First off, welcome to the forum!
Now on to business. NEVER use starting fluid on these, or IMO any engine that you want to keep! Ether is very dry and if using too much, can blow the head off, crack a piston, many things.
If your fuel lines are routed correctly, if they are new, you have to crank the engine for 15-20 seconds (remove the plugs, this helps the starter) FYI do not crank the engine over (with plugs in) for longer than 10 second intervals. Then let cool 20-30 seconds before trying to start it again.
As for the carb, since it is apart, you want to use carb cleaner and spray through every single orifice and make sure the fluid comes out somewhere from the carb. Next take a little wire (like from a wire wheel) and poke through all the little passages (especially the idle/mid range circuits. (inside the carb bore, hold the throttle/butterfly valve open and poke through each of the little holes at the top of the carb. Also, make sure to clean the little mesh filter inside the carb. Blow through all the passages again, and re-assemble. If you are using the same needle, seat, and spring combo, I would leave pop off test alone (unless you have a tester, then go ahead and test it. If not, no worries about it) If you are replacing gaskets, use only genuine OEM Mikuni rebuild kits. Not aftermarket.

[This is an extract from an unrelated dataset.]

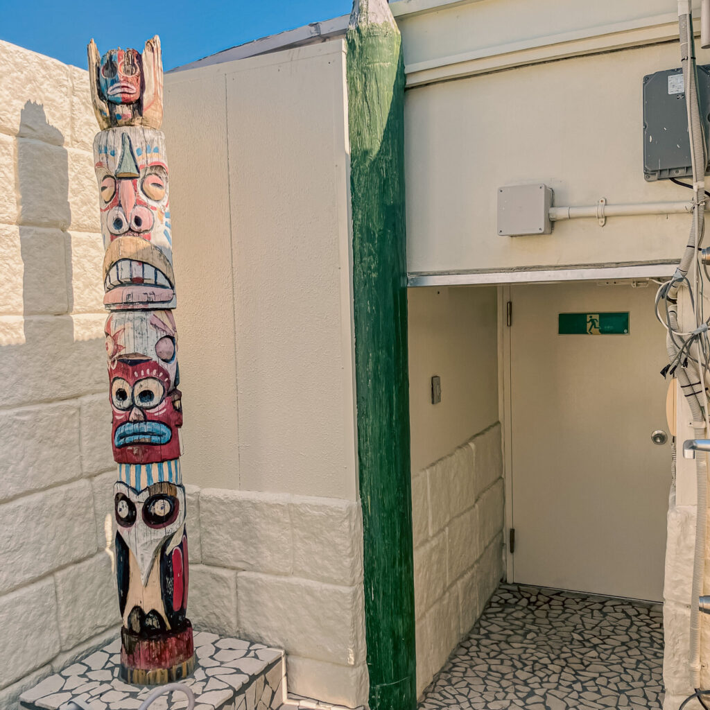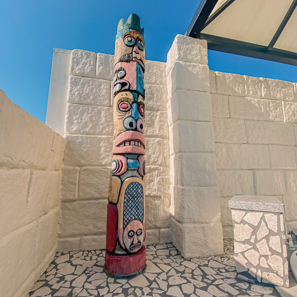 そこには謎のトーテムポールと、

Try saving the carb before rebuilding. The rusted circle is called a welch plug. To remove it, hammer a nail, or sharp pick through the center, then pry out. Under there, you will see tiny holes for the idle circuit. If the carb had lots of corrosion or water, then its possible there may be some gunk in there. But I would do that as a last resort. Normally, you don't have to mess with those.